Dr Miles Gregory took a Shakespearean dream inspired by his daughter and turned it into a modern-day New Zealand success story.
The Auckland artistic director is the founder and visionary behind the world’s first Pop-up Globe theatre, recreating a full-scale working replica of 1614 London’s famous venue. Since it opened in 2016, more than 450,000 people have seen his productions over four memorable seasons.
What drove his venture beyond commercial success – inspiring and leading a succession of casts and changing the landscape of theatre in this country – were equal measures of authenticity and integrity.
Those qualities led him to painstakingly research Shakespeare’s second Globe theatre, delving into history to get the required attention to detail.
They enabled him to recruit and assemble a team of people to see his vision through, working with business partner and old school mate Tobias Grant, and consisting of an army of actors, directors, scaffolders, artists, caterers, ushers and designers. And personal authenticity and integrity helped him stay true to his dream right through the 15 months it took to bring it to reality, from the most innocent of beginnings.
“I was reading Nancy, my daughter, a bedtime story,” Gregory explains. “It was a picture pop-up book and one of the pop-ups was the Globe theatre. Nancy asked whether we could go there. I said, ‘we can’t. The nearest Globe replica is a long way away…’ Then I stopped and thought…. a Pop-up Globe… And now here we are!”
Gregory’s leadership is described as empowering, promoting and earning trust and communicating clearly. He celebrates achievement and continually tries to raise the bar, lifting his own performance as a way to bring others with him.
His own love affair with the world’s most famous playwright began as a 14-year-old at Auckland’s King’s College, editing a scene from Romeo and Juliet.
The only child of Auckland fashion designer Trish Gregory and her husband, James, Gregory excelled in English at secondary school, then at 17 left for England, where he studied history at Durham University.
He went on to make his London debut as a theatre director at the age of 23, directing Hamlet and Twelfth Night at the Westminster Theatre in London’s West End, collecting a Master of Fine Arts in Staging Shakespeare from Exeter University, and a PhD in Shakespeare in Performance from Bristol University before, enjoying stints as an artistic director, producer and chief executive at various festivals, touring companies and theatres, along the way directing more than 20 professional productions, mainly of Shakespeare, in the United Kingdom.
“I was going to be a lawyer, but I fell in with the wrong crowd and they all liked theatre,” he quips.
When he and wife Barbara returned to New Zealand in 2012 with their children, he set himself up as a lecturer and consultant in the arts.

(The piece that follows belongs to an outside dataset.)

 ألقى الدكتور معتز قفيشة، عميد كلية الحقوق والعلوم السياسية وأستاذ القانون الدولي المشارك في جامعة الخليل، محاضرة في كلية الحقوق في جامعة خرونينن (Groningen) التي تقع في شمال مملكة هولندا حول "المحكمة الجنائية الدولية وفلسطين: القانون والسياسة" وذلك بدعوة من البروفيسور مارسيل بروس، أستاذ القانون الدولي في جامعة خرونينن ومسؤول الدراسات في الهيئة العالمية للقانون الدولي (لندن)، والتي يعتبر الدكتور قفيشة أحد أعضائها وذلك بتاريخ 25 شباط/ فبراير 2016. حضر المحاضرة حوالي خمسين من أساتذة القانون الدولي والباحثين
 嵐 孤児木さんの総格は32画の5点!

When his initial team started their Globe project, they worked from a small studio off Queen street with nothing but running water and a few trestle tables. The team of two then turned into a team of nearly 50 within two months, with the first Pop-up Globe opening in Auckland’s CBD in February 2016, just in time for the 400th Anniversary of Shakespeare’s death. Two years on and Pop-up Globe is now one of the biggest and most successful theatrical ventures in Australasia, employing hundreds of actors and support staff across its seasons in New Zealand and abroad.

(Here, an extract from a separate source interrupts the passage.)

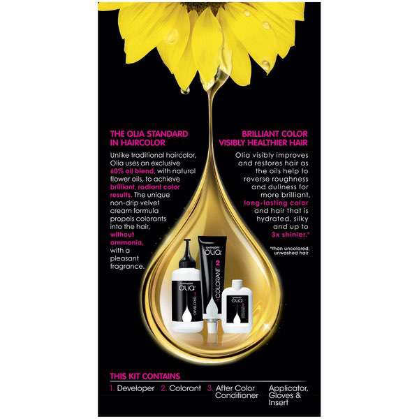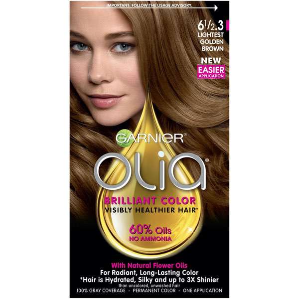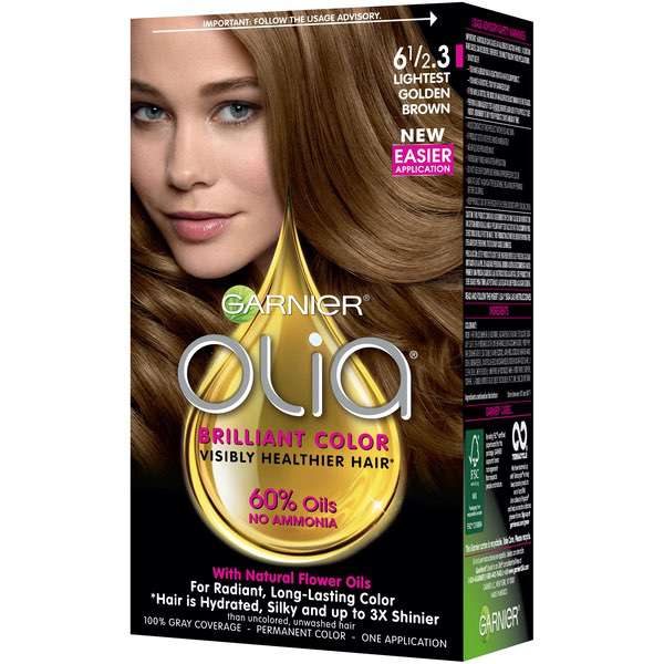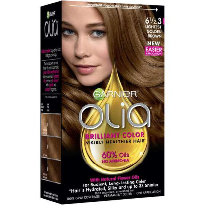 About This Item We aim to show you accurate product information. Manufacturers, suppliers and others provide what you see here, and we have not verified it. See our disclaimer Garnier Olia Oil Powered Permanent Hair Color Garnier Olia is unlike any other traditional, permanent hair color. Powered by a 60% oil blend formula with natural flower oils, Olia propels colorants deep into the hair, giving you vivid color results and 100% gray coverage. The non-drip formula has no ammonia, so it smells great as you apply, and the oils help to reverse roughness and dullness. The end result? More brilliant, long-lasting color and hair that is hydrated, silky, and up to 3x shinier than uncolored, unwashed hair. What's in the hair dye kit? A developer tube, a colorant tube, after color conditioner, as well as a set of gloves and the instruction sheet. Garnier Olia Oil Powered Permanent Color, 6.03 Light Neutral Brown 1 Kit Box Oil powered permanent color - 60% oil blend with natural flower oils and zero ammonia Brilliant color Visibly healthier hair Hair is hydrated, silky, and 3x shinier

The design integrity of the Pop-up Globe, based closely on research conducted by Sydney University, enables them to present Shakespeare as it was intended, with the audience fully immersed in the Jacobean-period experience.
“My favourite moments happen after every show. It’s the noise from the audience after the actors leave the stage and the applause dies down: a loud, excited buzz of people who are talking nineteen to the dozen to their friends about what they’ve seen. And that buzz is probably the greatest tonic you can have running a theatre because it’s the sound of people who’ve had a great time.
“There’s a line in Twelfth Night that the character Feste sings in the epilogue to the play, where he says, “we’ll strive to please you every day”. And that is what we do. We strive to please our audience every day.